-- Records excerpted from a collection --
┌──

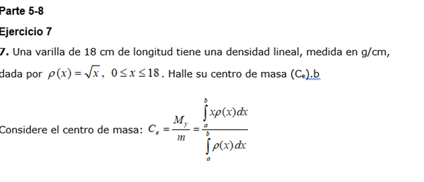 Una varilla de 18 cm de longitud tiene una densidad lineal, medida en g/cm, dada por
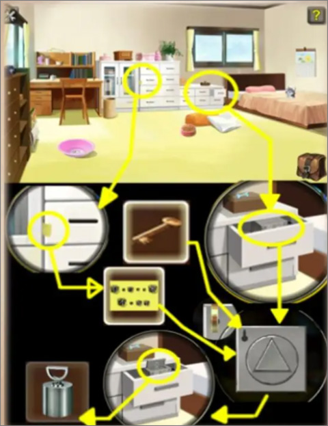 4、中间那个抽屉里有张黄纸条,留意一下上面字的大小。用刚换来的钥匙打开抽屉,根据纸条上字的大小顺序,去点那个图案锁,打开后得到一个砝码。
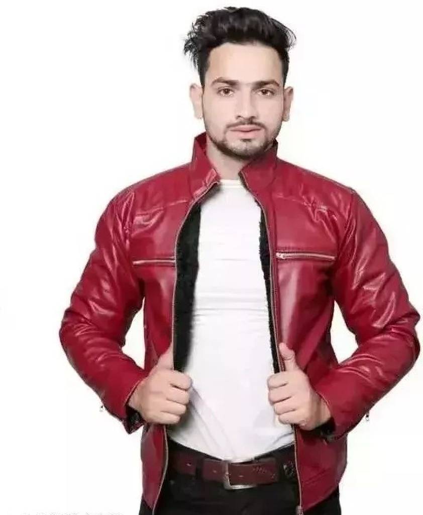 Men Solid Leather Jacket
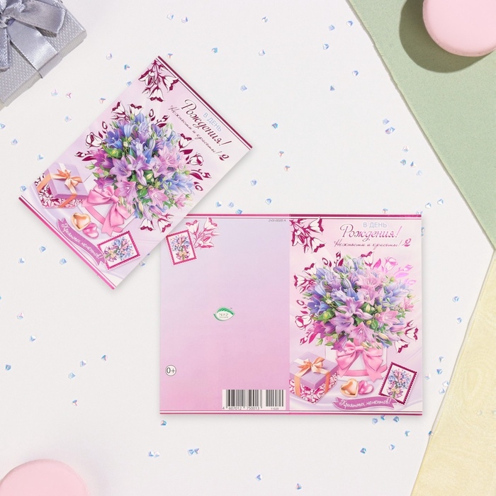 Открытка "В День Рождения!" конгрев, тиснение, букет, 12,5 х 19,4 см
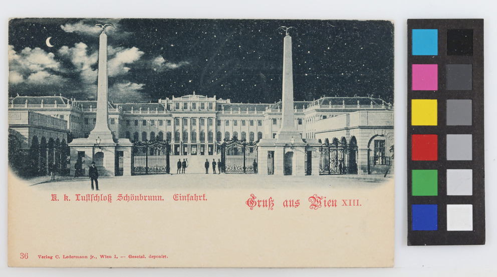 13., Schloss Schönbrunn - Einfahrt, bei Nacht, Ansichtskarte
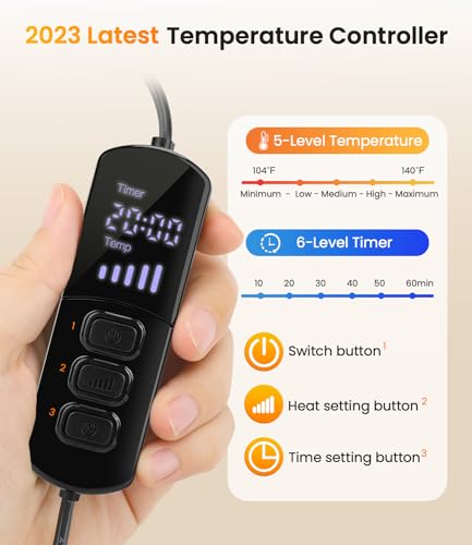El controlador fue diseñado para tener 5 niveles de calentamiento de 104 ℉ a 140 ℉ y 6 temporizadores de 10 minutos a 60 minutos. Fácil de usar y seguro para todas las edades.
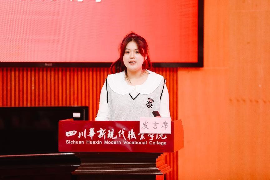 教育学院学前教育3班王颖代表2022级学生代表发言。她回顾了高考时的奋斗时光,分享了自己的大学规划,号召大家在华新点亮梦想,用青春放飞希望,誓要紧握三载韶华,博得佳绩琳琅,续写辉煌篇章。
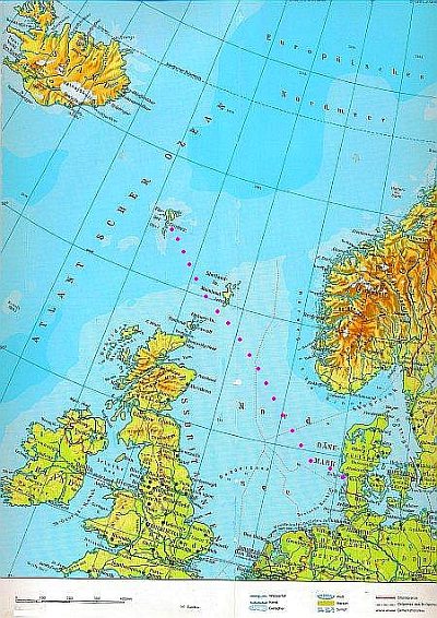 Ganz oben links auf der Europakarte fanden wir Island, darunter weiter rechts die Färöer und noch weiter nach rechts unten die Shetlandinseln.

└──

-- Your task --
The result is an exact copy of the lines from the one holding "教育学院学前教育3班王颖代表" through the final line of the data above, both ends included, minus the pictures.

-- Solution to this task --
 教育学院学前教育3班王颖代表2022级学生代表发言。她回顾了高考时的奋斗时光,分享了自己的大学规划,号召大家在华新点亮梦想,用青春放飞希望,誓要紧握三载韶华,博得佳绩琳琅,续写辉煌篇章。
 Ganz oben links auf der Europakarte fanden wir Island, darunter weiter rechts die Färöer und noch weiter nach rechts unten die Shetlandinseln.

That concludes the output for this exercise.